Print the data below exactly, but only the lines from the one containing "Fotografia 12 –" down to the one containing "Výstava Fenomén igráček", inclusive.

# [Data supplied]

◇ ◇ ◇ ◇

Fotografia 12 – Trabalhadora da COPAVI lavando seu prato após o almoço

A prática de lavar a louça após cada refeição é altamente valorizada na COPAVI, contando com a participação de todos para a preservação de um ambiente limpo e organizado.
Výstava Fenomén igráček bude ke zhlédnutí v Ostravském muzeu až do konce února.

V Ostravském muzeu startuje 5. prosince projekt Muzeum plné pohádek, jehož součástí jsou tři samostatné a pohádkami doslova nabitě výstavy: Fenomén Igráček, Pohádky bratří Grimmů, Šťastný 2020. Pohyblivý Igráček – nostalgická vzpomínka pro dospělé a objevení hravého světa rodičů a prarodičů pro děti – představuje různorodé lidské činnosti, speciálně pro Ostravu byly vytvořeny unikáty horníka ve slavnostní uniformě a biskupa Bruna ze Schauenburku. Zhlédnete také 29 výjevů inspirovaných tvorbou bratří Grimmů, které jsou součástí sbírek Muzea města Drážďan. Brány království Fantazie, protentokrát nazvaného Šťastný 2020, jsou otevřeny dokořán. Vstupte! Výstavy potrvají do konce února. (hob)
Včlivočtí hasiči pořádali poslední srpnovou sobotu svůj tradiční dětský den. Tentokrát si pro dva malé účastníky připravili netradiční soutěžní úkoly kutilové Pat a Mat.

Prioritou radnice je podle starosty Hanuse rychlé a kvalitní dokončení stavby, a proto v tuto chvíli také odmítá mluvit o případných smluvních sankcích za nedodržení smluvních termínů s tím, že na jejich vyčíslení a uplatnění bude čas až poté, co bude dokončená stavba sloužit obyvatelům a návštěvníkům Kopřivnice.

◇ ◇ ◇ ◇

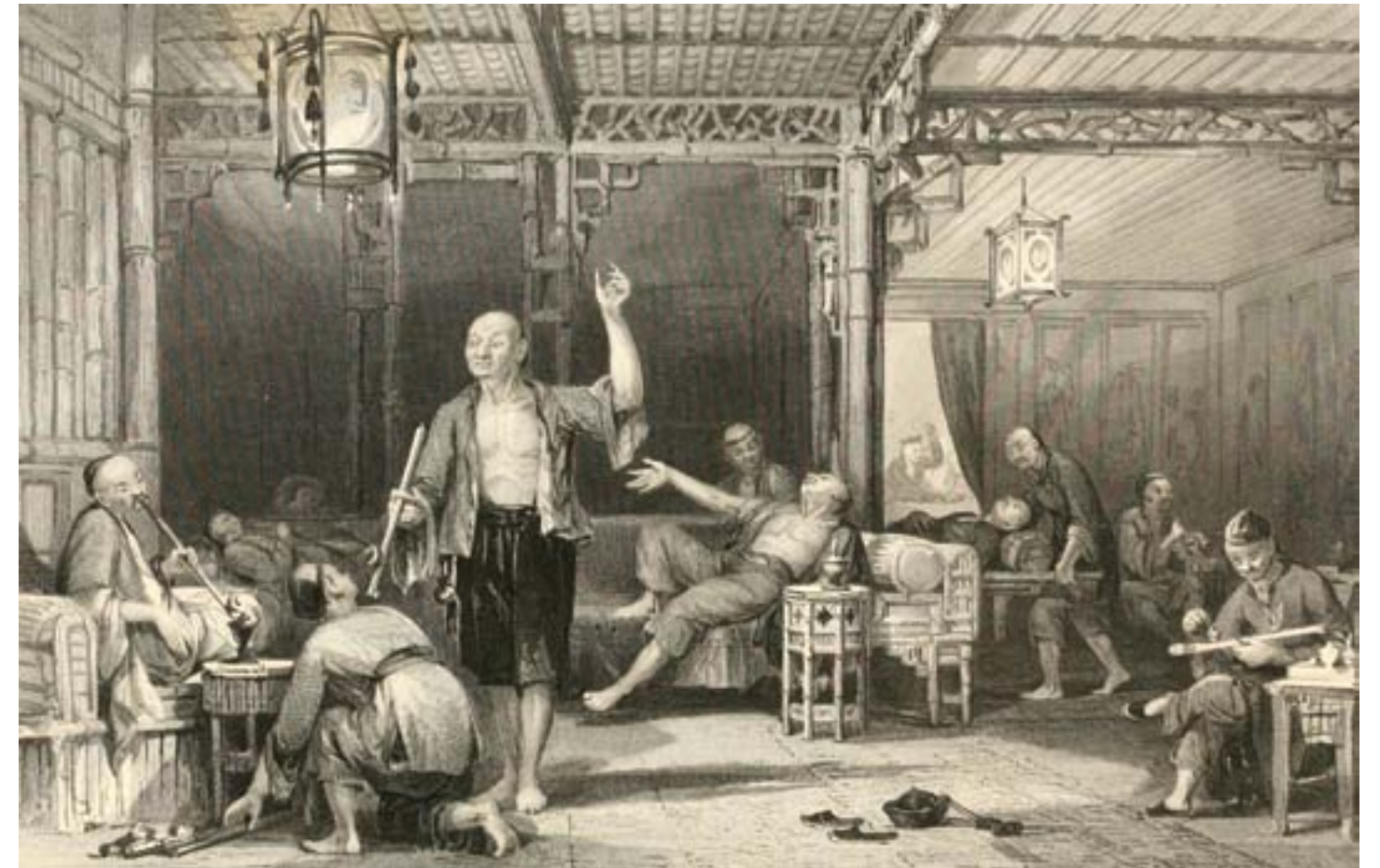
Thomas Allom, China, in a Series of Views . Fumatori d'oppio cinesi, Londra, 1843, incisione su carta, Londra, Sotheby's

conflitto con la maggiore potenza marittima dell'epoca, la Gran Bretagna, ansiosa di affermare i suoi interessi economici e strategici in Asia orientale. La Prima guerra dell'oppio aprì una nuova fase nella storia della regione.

◇ ◇ ◇ ◇

# [Result for this exercise]
Fotografia 12 – Trabalhadora da COPAVI lavando seu prato após o almoço

A prática de lavar a louça após cada refeição é altamente valorizada na COPAVI, contando com a participação de todos para a preservação de um ambiente limpo e organizado.
Výstava Fenomén igráček bude ke zhlédnutí v Ostravském muzeu až do konce února.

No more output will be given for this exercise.